Pojo's Pokémon Card of the Day



 M Scizor-EX

- XY BREAKpoint

Date Reviewed:
Jan. 6, 2017

Ratings & Reviews Summary

Standard: 3.35
Expanded: 3.00
Limited: 4.00

Ratings are based on a 1 to 5 scale.
1 being horrible.  3 ... average.  5 is awesome.

Back to the main COTD Page


Finishing out our first, four card week of runner-up cards is M Scizor-EX (XY: BREAKpoint 77/122, 120/122).  It managed to take an effective 16th place in our extended Top 10 Cards of 2016 list.  Though we aren’t officially re-reviewing it, I’ll also address Scizor-EX (XY: BREAKpoint 76/122, 119/122).  To begin with I’ll link to the original reviews; M Scizor-EX was our 10th place pick for the best from its set, while here is where we looked at Scizor-EX.  I’ll (re)run through these cards before explaining why they made the list, which is basically me sharing their 2016 performance.  Just to give you the heads up ahead of time, I’ll be referencing Scizor (BW: Boundaries Crossed 94/149) just because it’s the only contemporary regular Scizor in the card pool, and even then it’s only legal for Expanded play.  It received a fairly accurate review (for the time) here for the curious.  It wasn’t pure filler, but it wasn’t a particular competitive card; fortunately being mediocre for competitive play doesn’t preclude it being a good benchmark for measuring its gimmick enhanced successors. 

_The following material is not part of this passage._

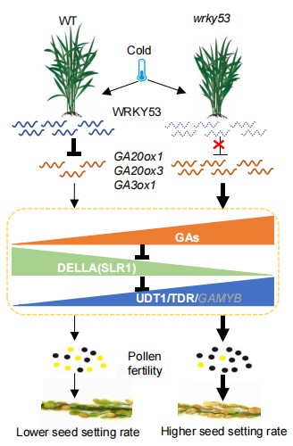 該研究揭示了OsWRKY53轉(zhuǎn)錄抑制GA生物合成基因來調(diào)控花藥中GA含量,從而負(fù)調(diào)控水稻孕穗期耐冷性;GA通過解除OsSLR1對OsUDT1/OsTDR的抑制,來調(diào)控水稻育性;不同優(yōu)良品種背景下oswrky53水稻材料孕穗期耐冷性顯著提高,且低溫脅迫條件下oswrky53突變體植株產(chǎn)量顯著高于對照。該研究為水稻孕穗期耐冷分子育種提供有價值的位點。

Both of these cards are Metal Type Pokémon-EX with Fire Weakness, Psychic Resistance, and Retreat Cost [CC].  Being a Pokémon-EX is actually a neutral aspect; a card potentially gains access to great stats and effects, but that doesn’t always happen.  What does always happen is the card gives up an extra Prize when KO’d and has to deal card effects that punish Pokémon-EX usage; either through excluding them from beneficial effects, hitting them with detrimental effects, or both.  Being a Metal Type is solid (embrace the pun.  All Fairy Types are Metal Weak as are some Water Types while Metal Resistance exists on Lightning Types (barring BW-era ones).  Metal Pokémon Type specific support isn’t massive, but includes some useful tricks, as does Metal Energy Type support; there are also some worthwhile members of the Metal Type card pool that aren’t limited to helping out their own Type, but which naturally work better under such circumstances.  I’ll save specifics for when we address the actual performance of Scizor-EX and M Scizor-EX.  The Fire Type has either been hot or not throughout most of the year; right now (and for the last part of 2016) it was, making the Fire Weakness a real problem.  Resistance is usually unimportant, but not only has the Psychic Type fielded some strong, important attackers throughout the entire year, but as we will address later in this review, for Scizor-EX and M Scizor-EX is has a better chance of mattering.  What also matters more than normal is the Retreat Cost of [CC].  Usually it isn’t too big of an issue; while it is high enough you’ll feel it when you have to pay it, it is still low enough you often can pay.  Except again due to specifics with these cards and how they’ve been used, it has actually mattered. 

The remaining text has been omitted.